Server (stream_server_example.py):

from langchain_openai import ChatOpenAI
from langgraph.graph import START, MessagesState, StateGraph
from kiboup import KiboAgentApp

app = KiboAgentApp(api_keys={"sk-chat-abc": "chat-client"})
llm = ChatOpenAI(model="gpt-4o-mini", streaming=True)

graph_builder = StateGraph(MessagesState)

def chatbot(state: MessagesState):
    return {"messages": [llm.invoke(state["messages"])]}

graph_builder.add_node("chatbot", chatbot)
graph_builder.add_edge(START, "chatbot")
graph = graph_builder.compile()

@app.entrypoint
async def invoke(payload, context):
    prompt = payload.get("prompt", "")
    messages = payload.get("messages", [{"role": "user", "content": prompt}])

    async def token_stream():
        async for event in graph.astream_events({"messages": messages}, version="v2"):
            if event.get("event") == "on_chat_model_stream":
                content = event["data"]["chunk"].content
                if content:
                    yield {"token": content}
        yield {"done": True}

    return token_stream()

if __name__ == "__main__":
    app.run(host="0.0.0.0", port=8080)

Client (stream_client_example.py):

import asyncio, sys
from kiboup import KiboAgentClient

async def chat_loop():
    async with KiboAgentClient("http://localhost:8080", api_key="sk-chat-abc") as client:
        health = await client.ping()
        print(f"Connected ({health['status']})\n")

        while True:
            user_input = input("You: ")
            if not user_input.strip():
                continue

            sys.stdout.write("AI: ")
            async for chunk in client.stream({"prompt": user_input}):
                token = chunk.get("token")
                if token:
                    sys.stdout.write(token)
                    sys.stdout.flush()
            print("\n")

if __name__ == "__main__":
    asyncio.run(chat_loop())

MCP Server + Client

Server (mcp_server_example.py):

import logging
from langchain_openai import ChatOpenAI
from langgraph.graph import START, MessagesState, StateGraph
from kiboup import KiboAgentMcp, LLMUsage

llm = ChatOpenAI(model="gpt-4o-mini")
graph_builder = StateGraph(MessagesState)
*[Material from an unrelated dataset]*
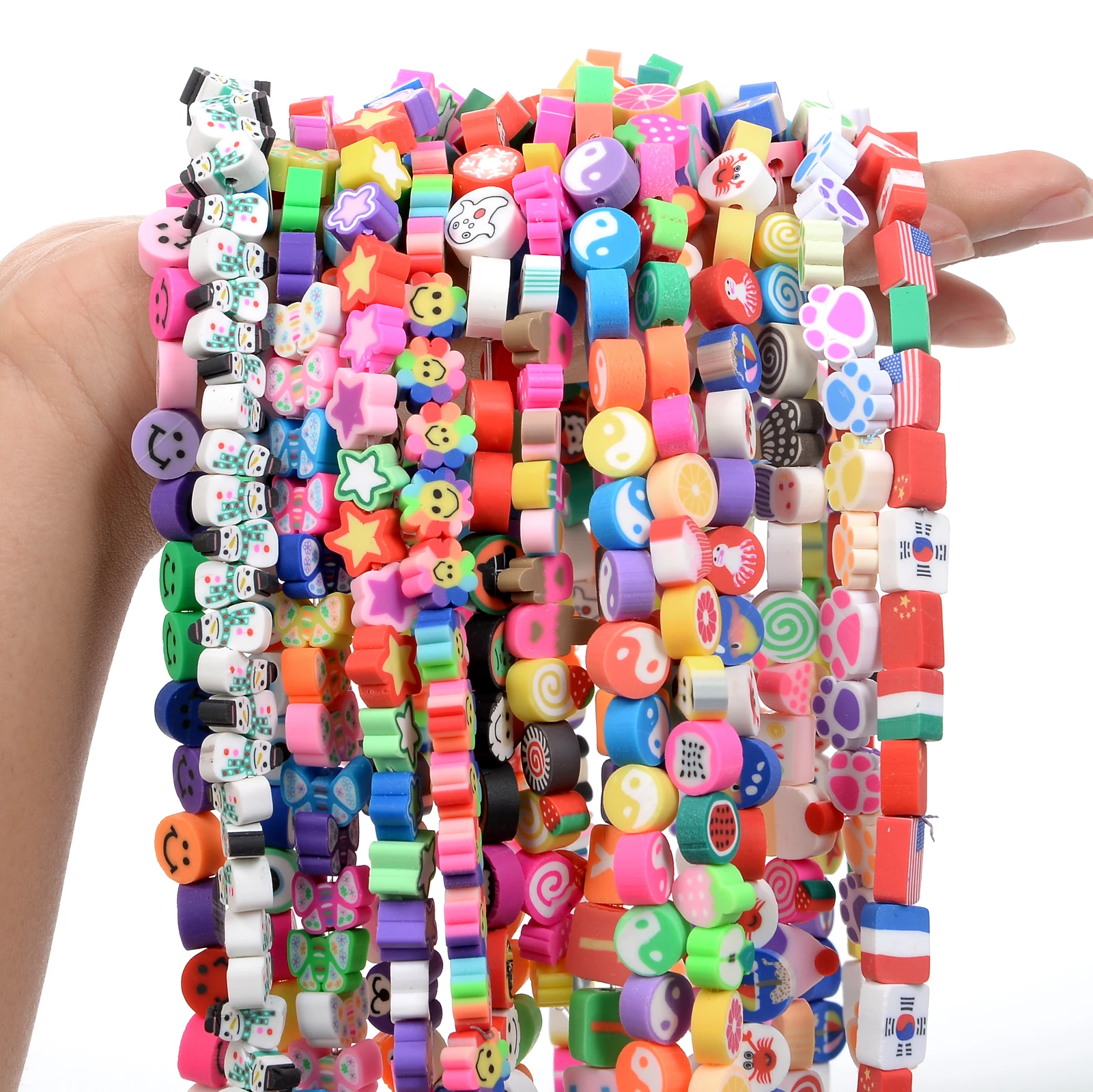 10 мм 30 шт. фрукты животные улыбка смешанные цветные бусины полимерные свободные космические глиняные бусины аксессуары для браслетов

def chatbot(state: MessagesState):
    return {"messages": [llm.invoke(state["messages"])]}

graph_builder.add_node("chatbot", chatbot)
graph_builder.add_edge(START, "chatbot")
graph = graph_builder.compile()

app = KiboAgentMcp(
    name="LangGraph MCP Server",
    api_keys={"sk-mcp-abc": "web-app"},
)

@app.tool()
async def ask(question: str) -> str:
    """Ask a question to the LangGraph agent powered by GPT-4o-mini."""
    result = await graph.ainvoke(
        {"messages": [{"role": "user", "content": question}]}
    )
    return result["messages"][-1].content

@app.tool()
def summarize(text: str) -> str:
    """Summarize the given text using GPT-4o-mini."""
    result = graph.invoke(
        {"messages": [{"role": "user", "content": f"Summarize this text:\n\n{text}"}]}
    )
    return result["messages"][-1].content

if __name__ == "__main__":
    app.run(transport="sse")

Client (mcp_client_example.py):

import asyncio
from kiboup import KiboMcpClient

async def main():
    async with KiboMcpClient("http://localhost:8000/sse", api_key="sk-mcp-abc") as client:
        tools = await client.list_tools()
        print(f"Available tools: {tools}")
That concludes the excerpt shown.